EXERCISE AIM:
Look for the line containing "error JAVA0000: Error" and the line containing "Belle maison d'habitation" in the entries below. Copy those two and all lines between them exactly, leaving out pictures.

SUPPLIED RECORDS:
▼
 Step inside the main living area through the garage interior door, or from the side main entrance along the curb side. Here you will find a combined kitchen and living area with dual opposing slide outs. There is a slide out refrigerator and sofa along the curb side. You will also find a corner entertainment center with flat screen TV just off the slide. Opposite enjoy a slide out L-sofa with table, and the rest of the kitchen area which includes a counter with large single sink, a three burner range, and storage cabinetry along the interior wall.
▲
▼
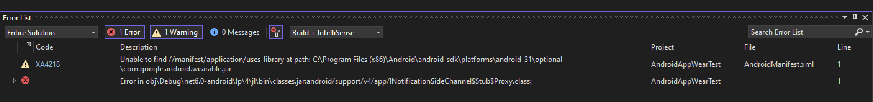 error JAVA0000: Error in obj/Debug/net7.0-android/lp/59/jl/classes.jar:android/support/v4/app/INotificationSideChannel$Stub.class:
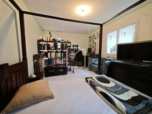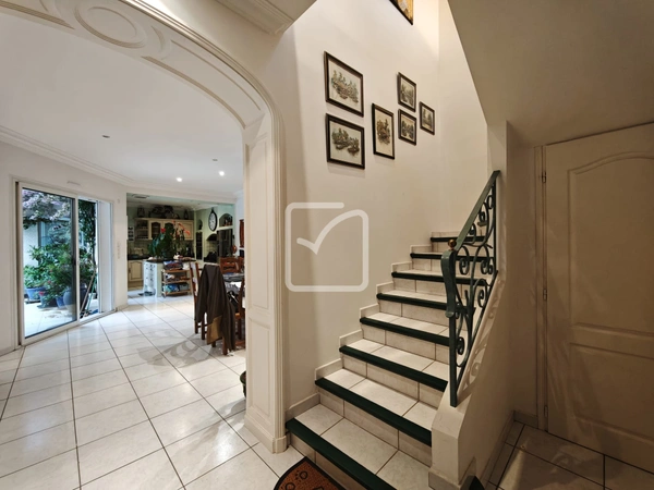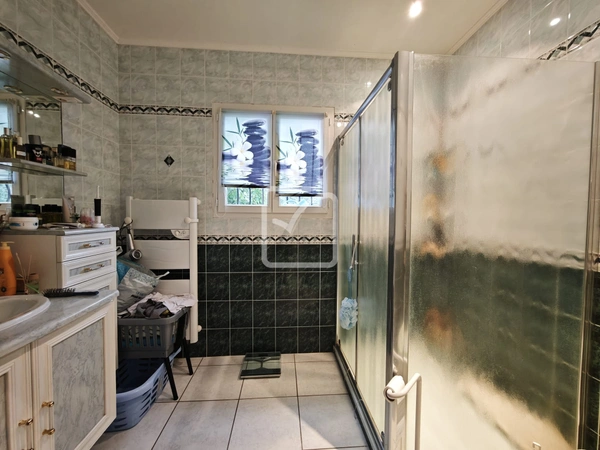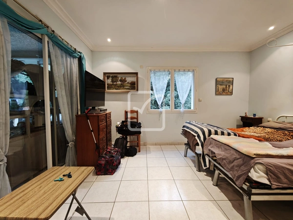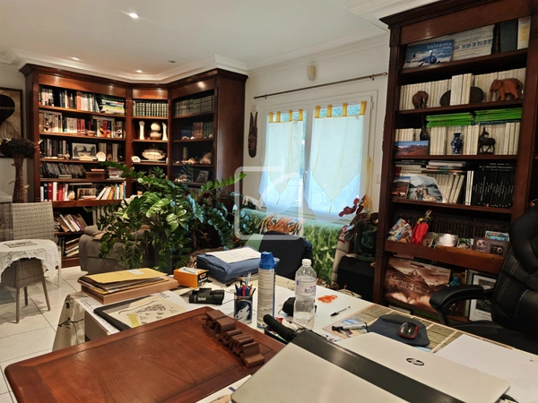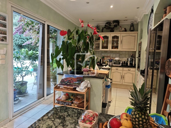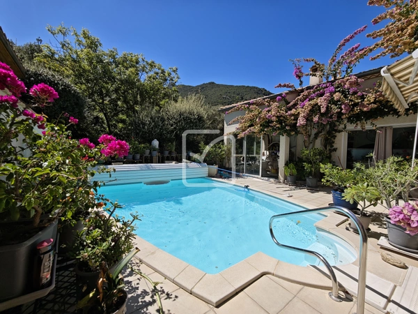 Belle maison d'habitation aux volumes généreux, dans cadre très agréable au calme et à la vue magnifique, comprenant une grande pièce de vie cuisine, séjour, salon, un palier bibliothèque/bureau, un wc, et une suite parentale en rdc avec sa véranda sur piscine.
▲
FINISHED TASK:
 error JAVA0000: Error in obj/Debug/net7.0-android/lp/59/jl/classes.jar:android/support/v4/app/INotificationSideChannel$Stub.class:
 Belle maison d'habitation aux volumes généreux, dans cadre très agréable au calme et à la vue magnifique, comprenant une grande pièce de vie cuisine, séjour, salon, un palier bibliothèque/bureau, un wc, et une suite parentale en rdc avec sa véranda sur piscine.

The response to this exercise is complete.